**YOUR INSTRUCTIONS:**
Every line of the data below is to be duplicated exactly, pictures excepted.

**DATA BELOW:**
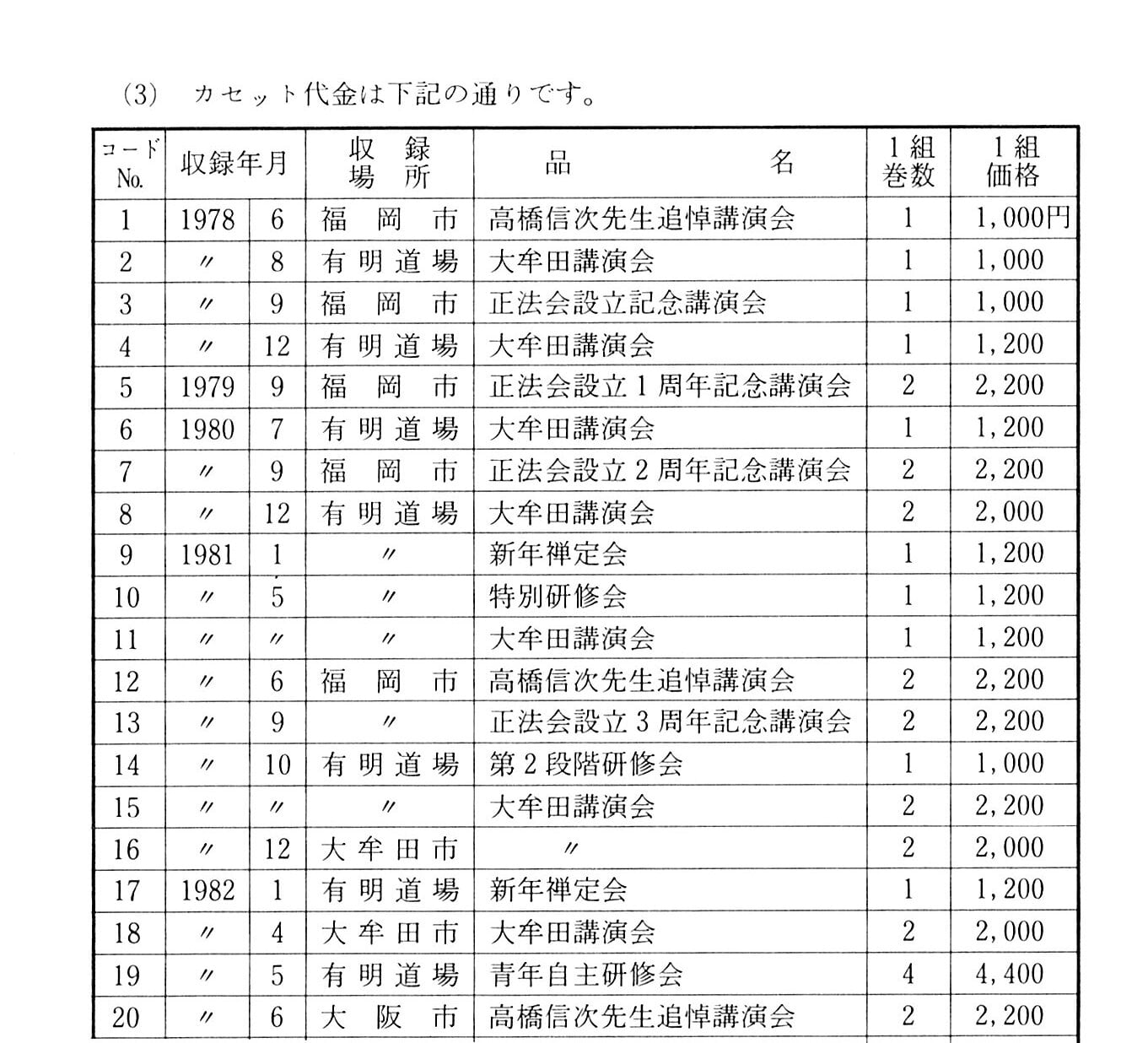 1.音声データはカセットテープよりベタ取りし、編集作業はしていません。実況録音の為、雑音、ノイズ、音声の大・小等があります。
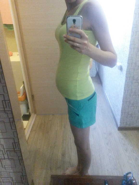 Не могу никак фото вставить, интернет не хочет работать. Фотографировалась с утра, потому что к вечеру живот очень большой)
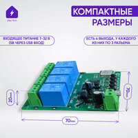 На контроллер подается питание 7-32v или 5v через вход Micro USB, а дальше есть 4 выхода, у каждого из них есть 3 разъема. К ним можно подключать как устройства с напряжением 220в (чайник, розетку, торшер, радиатор, кормушку для рыбок, колонки, подсветку, гирлянду и тд), так и устройства с напряжением 12/24v - компьютер, маленький холодильник (ну а вдруг), и все что вашей душе угодно! Создавайте комплект умного дома!
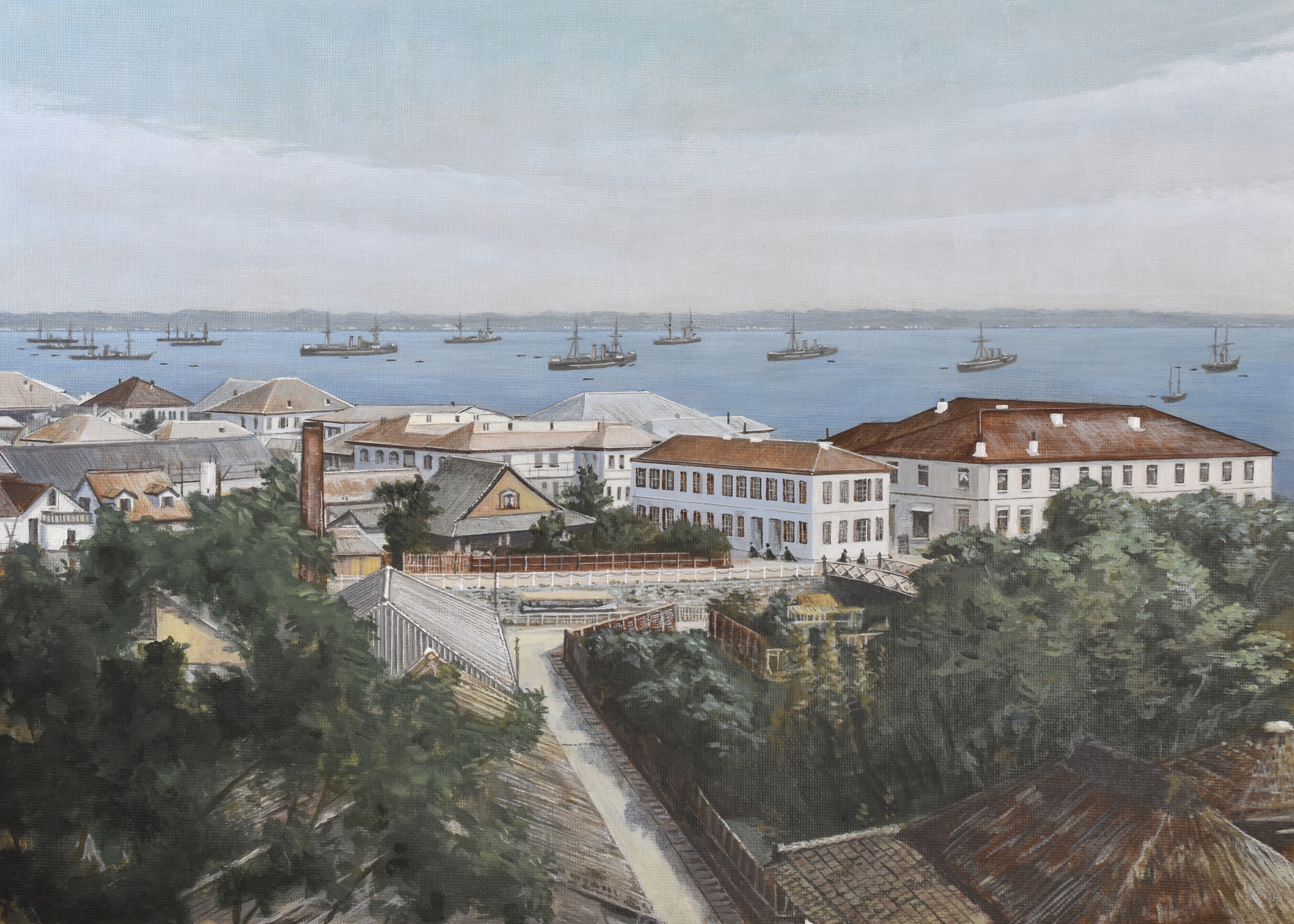 absurdres acrylic_paint_(medium) atelier_bono building fence highres historical_event imperial_chinese_navy japan ocean original painting_(medium) port road scenery sky smokestack traditional_media tree yokohama

**RESPONSE:**
 1.音声データはカセットテープよりベタ取りし、編集作業はしていません。実況録音の為、雑音、ノイズ、音声の大・小等があります。
 Не могу никак фото вставить, интернет не хочет работать. Фотографировалась с утра, потому что к вечеру живот очень большой)
 На контроллер подается питание 7-32v или 5v через вход Micro USB, а дальше есть 4 выхода, у каждого из них есть 3 разъема. К ним можно подключать как устройства с напряжением 220в (чайник, розетку, торшер, радиатор, кормушку для рыбок, колонки, подсветку, гирлянду и тд), так и устройства с напряжением 12/24v - компьютер, маленький холодильник (ну а вдруг), и все что вашей душе угодно! Создавайте комплект умного дома!
 absurdres acrylic_paint_(medium) atelier_bono building fence highres historical_event imperial_chinese_navy japan ocean original painting_(medium) port road scenery sky smokestack traditional_media tree yokohama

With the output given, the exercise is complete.